При упоминании о грязи с заднего сиденья машины выбралась девочка моего возраста, в платье сливочного цвета и белых перчатках. На макушке криво сидел бант; девочка сорвала его и бросила на землю. Она ковырнула носком туфельки грязь, шаркнула подошвами и вызывающе зыркнула на взрослых, словно желая, чтобы они велели ей прекратить. Потом девочка увидела меня и замерла. Для нее я не была невидимой.

Глаза у нее были цвета пробки. Рот казался нарисованным, словно у куклы. Не знаю, как долго мы смотрели друг на друга, помню только, что я не хотела сдаться первой.

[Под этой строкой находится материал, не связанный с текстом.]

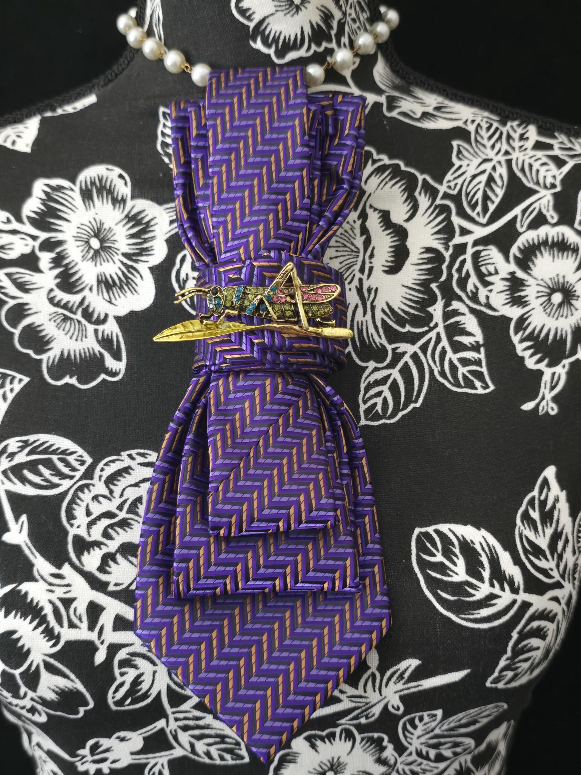 Purple Women's Tie- Grasshopper Brooch Necklace - Handcrafted Statement Jewelry - Brooch Necktie - Stylish Neckwear For Women
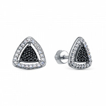 — Серьги-пусеты из серебра с фианитами родированные 925 пробы с043р200
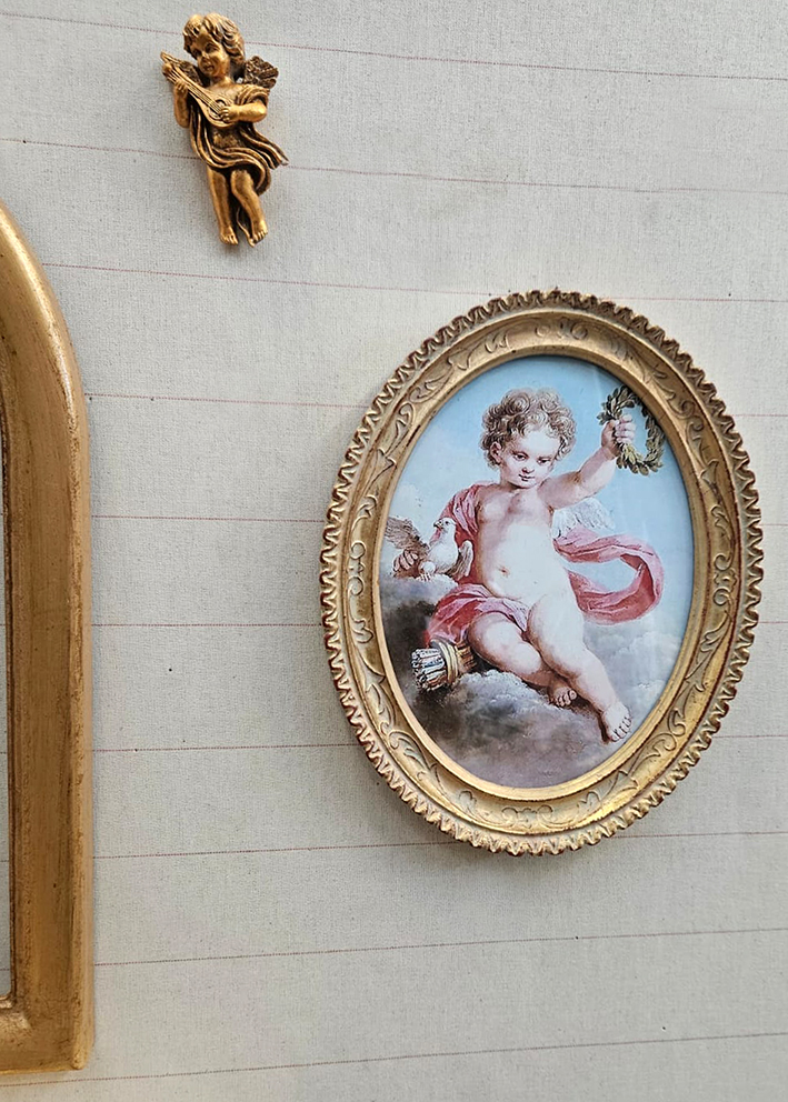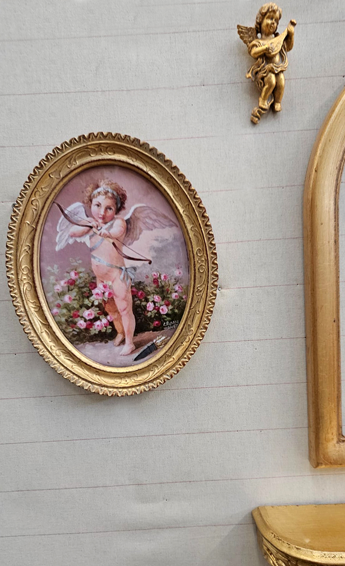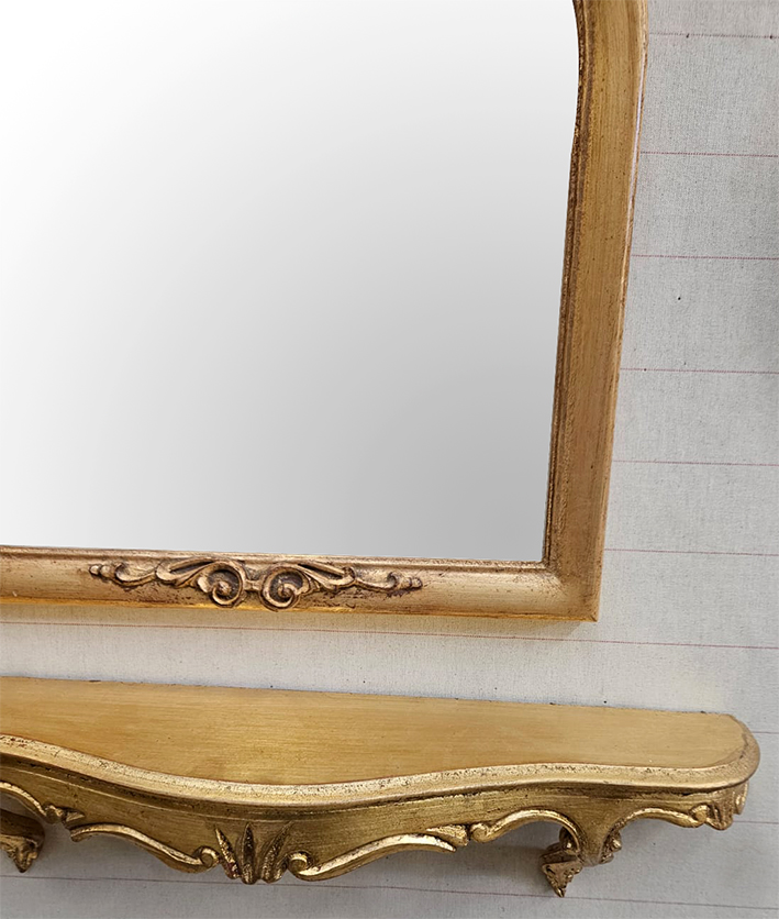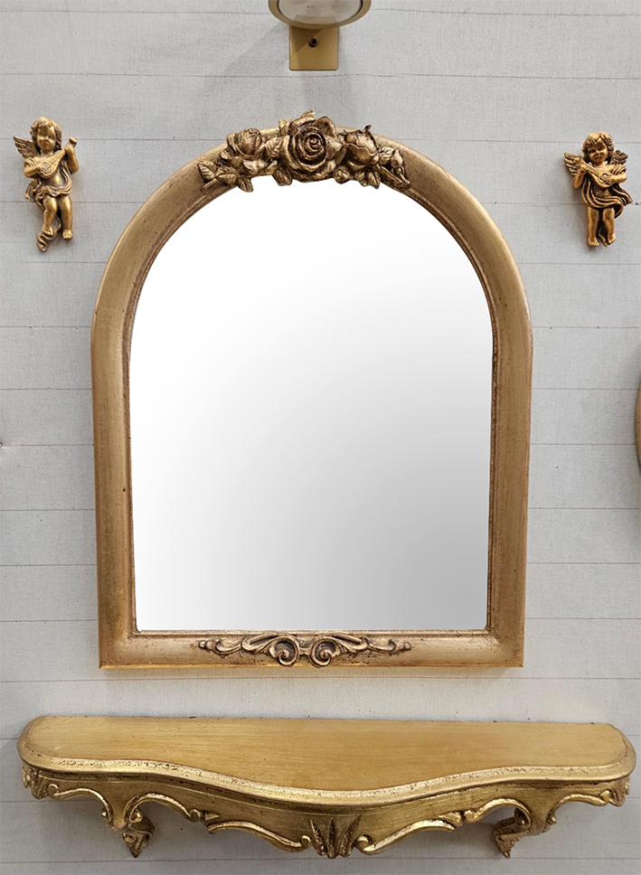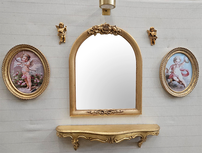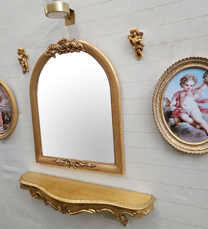 Completo da ingresso composto da specchio con cornice in legno oro foglia cm 50×41 misura esterna, su mensola in legno sagomata oro foglia cm 59x14x11, da coppia di cornici ovali con stampe di puttini con 2 puttini in resina.
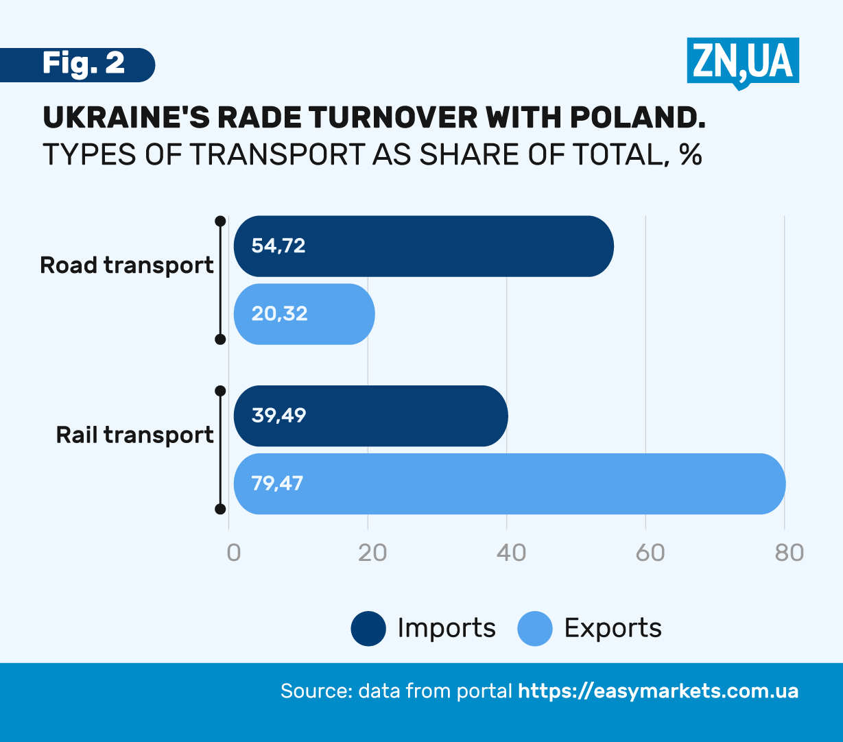 At the same time, we will not see any parity if we look at the volumes of Ukrainian exports to Poland. While truckers are the only ones not to go into the deep red, their surplus is only 3.8% in tons and minus 21% in money, compared to three quarters of last year. Compare it with the indicators of Polish colleagues and feel the difference, as they say. After all, if road transport accounts for more than half of all types of transport by which goods are delivered in Poland, in Ukraine only 20% of goods go to Poland by car and 80% by rail (see Picture 3). Did these 20% create such non-competitive conditions in the domestic Polish market as to cause protests?
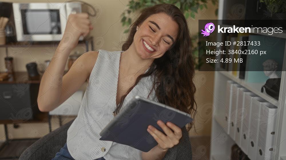 Young hispanic woman sitting in office building holding tablet and pumping fist in a cheerful gesture; success.

Не сводя с меня глаз, девочка провела рукой по боку машины. Потом подняла руку. Перчатка стала красной – как земля под моими босыми ногами. Девочка самодовольно улыбнулась, словно делясь шуткой, но я знала: она не собиралась смешить меня. Это были перчатки богатой девочки. Дорогие, тонкие. И такие маленькие, что несчастной прачке, которой велят отстирать их, придется тереть о стиральную доску, пока костяшки пальцев не сотрутся в кровь. Но девочку не заботила ни судьба перчаток, ни судьба прачки. Ей хотелось испортить что-нибудь безупречно красивое – просто так. Я почувствовала восхищение и отвращение одновременно.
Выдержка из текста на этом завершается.